Quantitative magnetic resonance elastography for polymer-gel dosimetry phantoms.

Commonly dose-responses of conventional dosimetric methods are affected by a saturation dose and are known to be limited when the delivered dose is relatively high. In contrast, elastic properties of polymer-gel dosimeter phantoms play major roles in a new dosimetry technique using magnetic resonance elastography (MRE). A single volume of polymer-gel dosimeter solution containing methacrylic and ascorbic acid in gelatin initiated by copper was prepared. The material was subsequently stored in cylindrical containers for future use as a biological tissue-mimicking phantom material. The phantom material was irradiated with gamma rays, where absorbed doses of 10-50 Gy were delivered.
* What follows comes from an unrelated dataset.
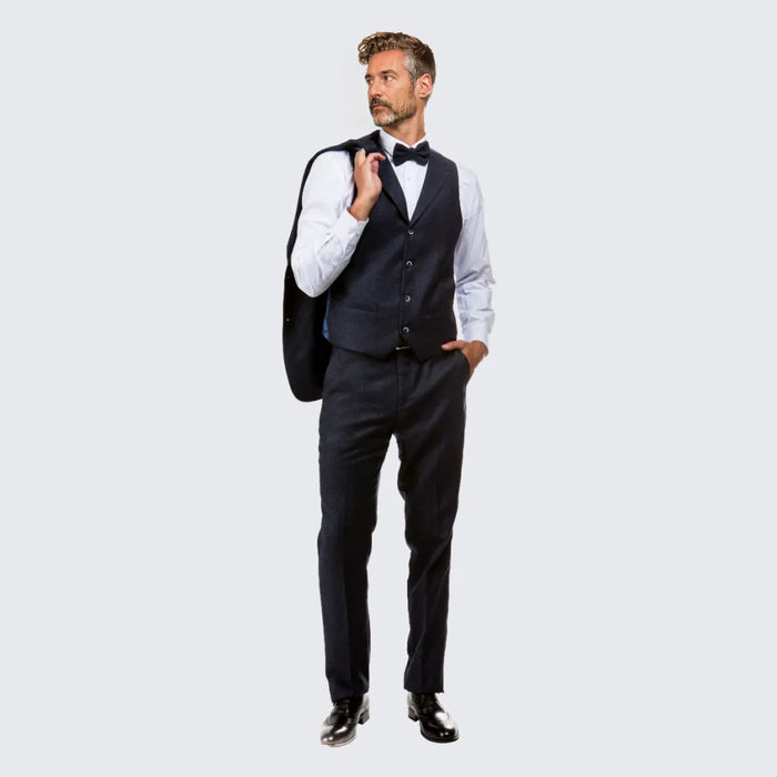 Navy Tweed Suit Three Piece Set - Wedding - Prom

To study the dynamic elastic behaviour, periodic mechanical external forces of 100-400 Hz were applied to generate shear waves in the samples. The radiation-induced changes in the shear modulus of the samples were estimated from wave-displacement images and converted to elastograms. The smallest and largest shear modulus values were approximately 2.10 ± 0.64 and 35.26 ± 2.85 kPa, respectively. The dynamic elastic response of the polymer-gel dosimeters showed an increased dependency with frequency. A linear relationship (R = 0.996) was observed between the integrated area and the absorbed dose of the samples. The elastograms clearly showed that the largest shear modulus values were in the irradiated region of the polymer-gel dosimeter phantoms. Quantitative values of the shear modulus of polymer-gel dosimeters were estimated using MRE.